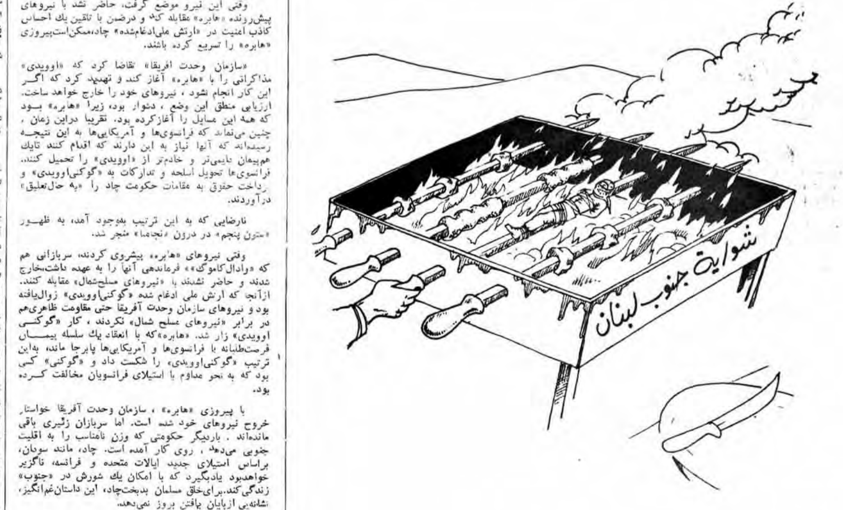
کاریکاتور از: از مجله عربی المجتمع بون شرح !!
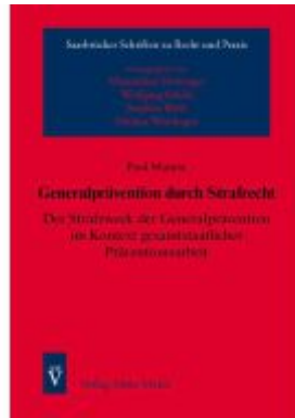
Generalprävention durch Strafrecht Ladenpreis: 49,40EUR
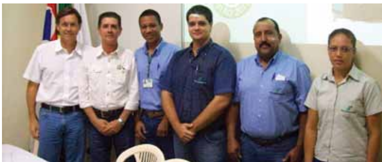
Representantes da CIPA e CIPA TR da Usina Ipê

A relação completa dos eleitos entre representantes e suplentes foi divulgada nos murais Fique Informado. ”
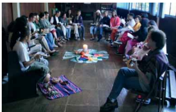
Cercle biblique dans un cours de Bible du CEBI au Brésil

Les activités du CEBI se déroulent généralement dans le cadre de groupes restreints, entre autres, dans les « écoles bibliques » présentes dans tous les États du Brésil. Ces groupes se retrouvent régulièrement pour étudier la Bible, faire face aux réalités quotidiennes, être ensemble et célébrer communautairement. Ils s'appuient autant sur leur foi que sur leur expérience. Beaucoup consignent leurs réflexions par écrit et les font circuler comme guides d'étude pour les autres groupes bibliques. Pour soutenir ce genre d'initiatives, le CEBI a mis en place un programme éditorial (utilisant ses propres presses). Ainsi ces matériaux peuvent-ils être accessibles à tous, tant au niveau du contenu que du prix.
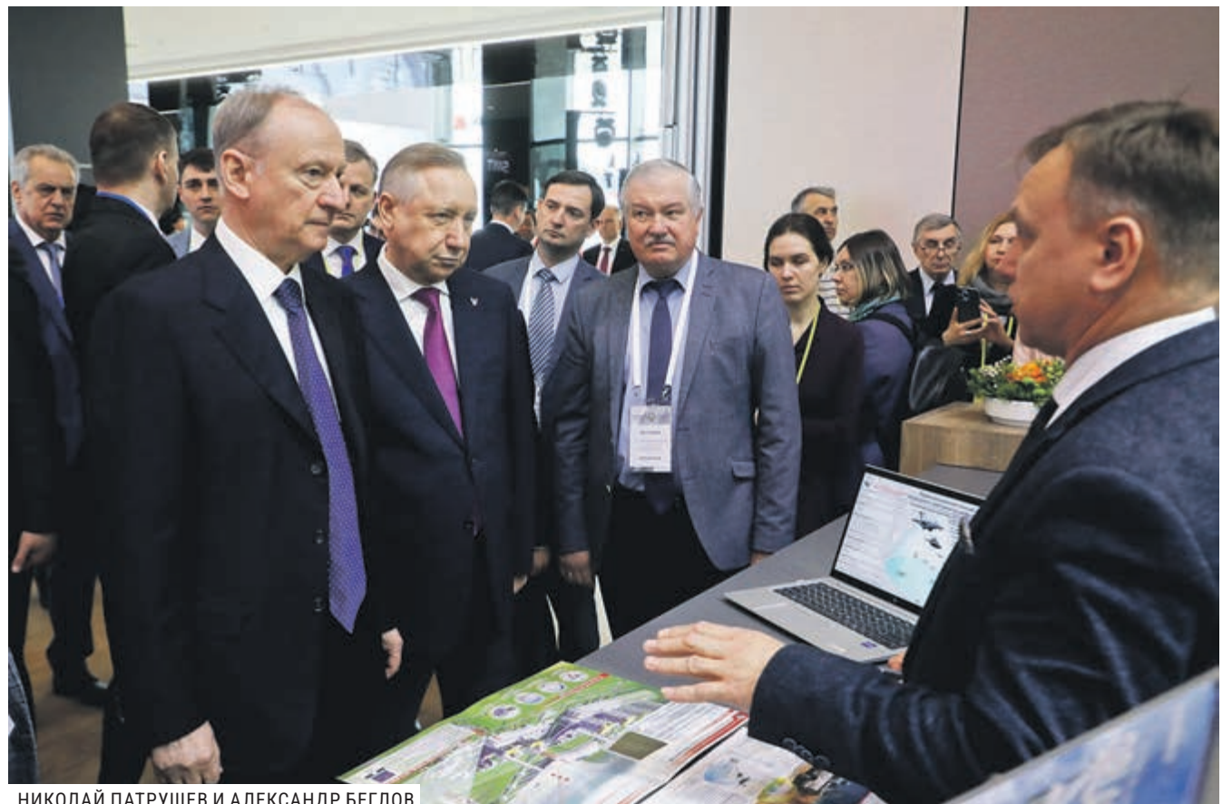
НИКОЛАЙ ПАТРУШЕВ И АЛЕКСАНДР БЕГЛОВ
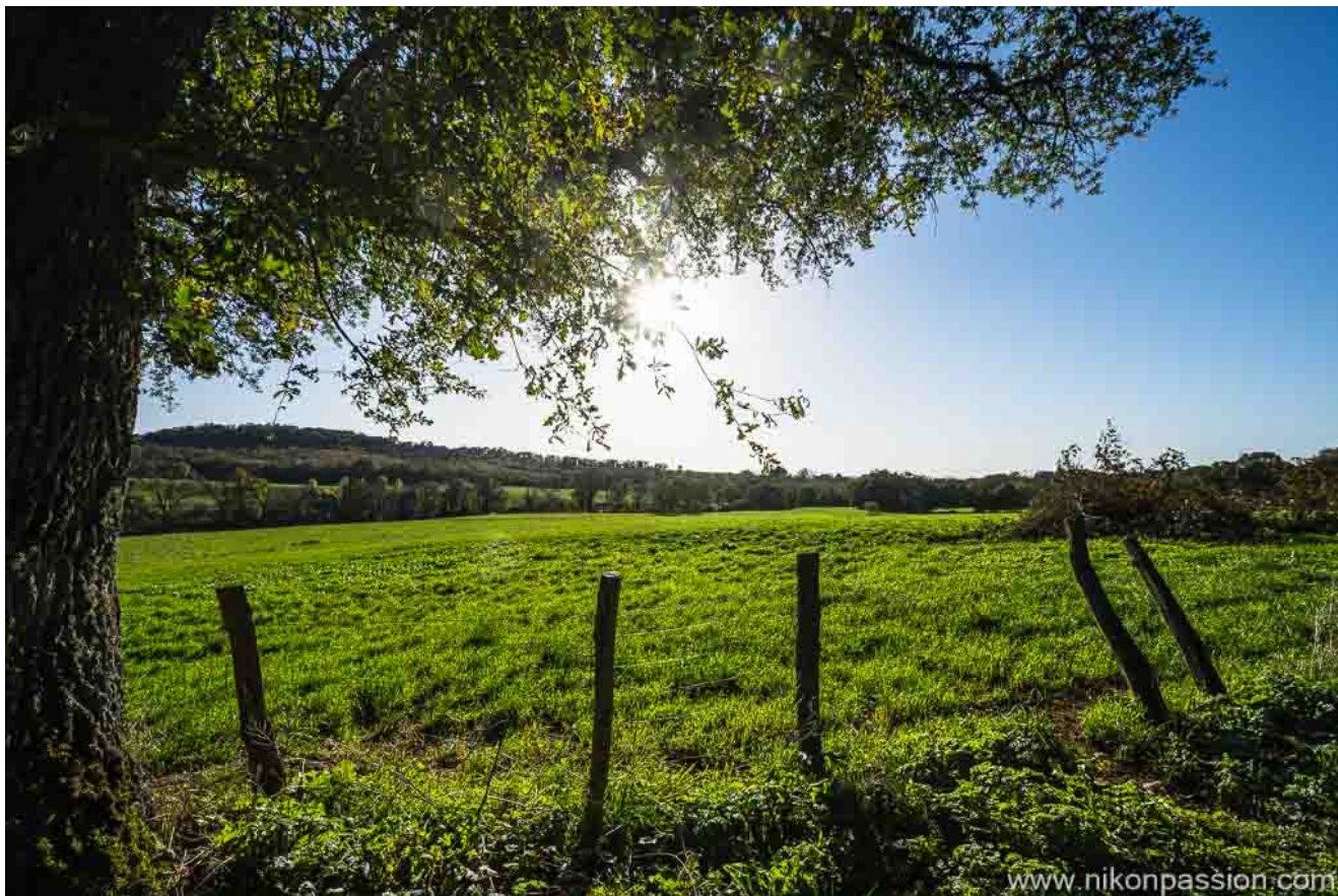
Un paysage du Lot au 14 mm
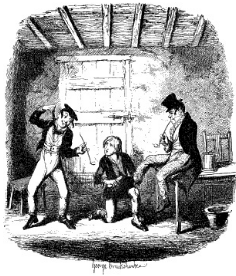
WAT IN GEWONE TAAL OVERGEBRACHT, SCHOENPOETSEN BETEKENDE.

Of het 't gevoel was van vrijheid en onafhankelijkheid, dat een zedelijk wezen allicht zal ondervinden, wanneer hij in een gemakkelijke houding op een tafel zit, zijn pijp rookend, en één been losjes heen en weer slingerend, terwijl zijn schoenen gepoetst worden zonder zelfs de herinnering aan de moeite ze uit te doen, of het vooruitzicht van de last, ze weer aan te moeten trekken; of dat de goede tabak den Vos zachter stemde of het bier zijn gedachten weeker maakte, zeker is, dat hij voor 't oogenblik in een romantische, levendige stemming verkeerde, die anders vreemd was aan zijn aard. Een korte poos keek hij met een peinzend gezicht op Oliver neer; toen hief hij 't hoofd op, loosde een lichten zucht en zeide, half in 't vage, half tot Charley:
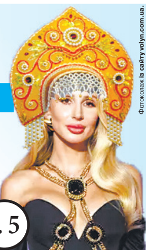
Фотосюжет із сайту volyn.com.ua.
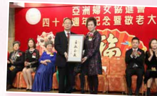
執委與主禮嘉賓合照
--
*Your goal:* Output the entries above verbatim, leaving out images.

*Your solution:*
کاریکاتور از: از مجله عربی المجتمع بون شرح !!
Generalprävention durch Strafrecht Ladenpreis: 49,40EUR
Representantes da CIPA e CIPA TR da Usina Ipê

A relação completa dos eleitos entre representantes e suplentes foi divulgada nos murais Fique Informado. ”
Cercle biblique dans un cours de Bible du CEBI au Brésil

Les activités du CEBI se déroulent généralement dans le cadre de groupes restreints, entre autres, dans les « écoles bibliques » présentes dans tous les États du Brésil. Ces groupes se retrouvent régulièrement pour étudier la Bible, faire face aux réalités quotidiennes, être ensemble et célébrer communautairement. Ils s'appuient autant sur leur foi que sur leur expérience. Beaucoup consignent leurs réflexions par écrit et les font circuler comme guides d'étude pour les autres groupes bibliques. Pour soutenir ce genre d'initiatives, le CEBI a mis en place un programme éditorial (utilisant ses propres presses). Ainsi ces matériaux peuvent-ils être accessibles à tous, tant au niveau du contenu que du prix.
НИКОЛАЙ ПАТРУШЕВ И АЛЕКСАНДР БЕГЛОВ
Un paysage du Lot au 14 mm
WAT IN GEWONE TAAL OVERGEBRACHT, SCHOENPOETSEN BETEKENDE.

Of het 't gevoel was van vrijheid en onafhankelijkheid, dat een zedelijk wezen allicht zal ondervinden, wanneer hij in een gemakkelijke houding op een tafel zit, zijn pijp rookend, en één been losjes heen en weer slingerend, terwijl zijn schoenen gepoetst worden zonder zelfs de herinnering aan de moeite ze uit te doen, of het vooruitzicht van de last, ze weer aan te moeten trekken; of dat de goede tabak den Vos zachter stemde of het bier zijn gedachten weeker maakte, zeker is, dat hij voor 't oogenblik in een romantische, levendige stemming verkeerde, die anders vreemd was aan zijn aard. Een korte poos keek hij met een peinzend gezicht op Oliver neer; toen hief hij 't hoofd op, loosde een lichten zucht en zeide, half in 't vage, half tot Charley:
Фотосюжет із сайту volyn.com.ua.
執委與主禮嘉賓合照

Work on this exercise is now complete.